Odetchnąłem z ulgą. Nie myślałem że im się to aż tak spodoba. Chciałem ich jakoś uciszyć, więc wpadłem na pewien pomysł.
- Dobra cisza! Kto chce się przejechać moim kładem?- spytałem, a oni w jednej chwili się uciszyli i zaczęli znowu krzyczeć ,,Ja! Ja!". Wyszliśmy zostawiając Stu żeby mógł sobie spokojnie poczytać. Mam nadzieję że szybko mu się to nie znudzi. Otworzyłem garaż, a oni zaczęli prawie że skakać z zachwytu.

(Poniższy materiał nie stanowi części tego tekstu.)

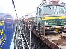 RORO means Roll-on/roll-off, where loaded trucks are directly carried by railway wagons to their destination. The first ever RO-RO service in India was run by Konkan Railway. Konkan Railway passes through tough terrains of India. There is NH-66 passing through same route. Truck drivers find it extremely difficult to drive loaded trucks through ghats, undulating surfaces, narrow roads and poor road and weather conditions. The KRC came with concept of RORO, where loaded trucks are moved on wagons and are travelled by train. This has helped in saving fuel, decrease in wear and tear of lorries (trucks), relief to drivers of driving in extreme conditions, and faster arrival of the trucks to destination. This also helps decrease road congestion and pollution. This concept has been beneficial for both truck operators and KRCL.

- Okej chłopaki, tylko ja prowadzę bo nie mam pewności czy z waszymi zdolnościami go szybko nie rozdupczycie- zaśmiałem się. Pierwszy był Nivan. Pojechałem z nimi na wyżyny na polach. Gdy tak skakaliśmy raz prawie nie zleciał. Gdy przyjechaliśmy John pękał ze śmiechu. Mało brakowało a tarzał by się po ziemi. Teraz John. Gdy wyskoczyliśmy raz zleciał i biegł za mną. Nie słyszałem i jechałem dalej a on za mną... Po dwóch godzinach wróciliśmy do akademii. Poszedłem do pokoju żeby się trochę zagrzać, a oni poszli do swoich dziewczyn. Stu jeszcze czytał. Z tego co zauważyłem był prawie w połowie pierwszej części.
- Ty chyba nigdy nie odrywasz się od książki nawet na sekundę- uśmiechnąłem się zdejmując kurtkę do jeżdżenia na quadzie.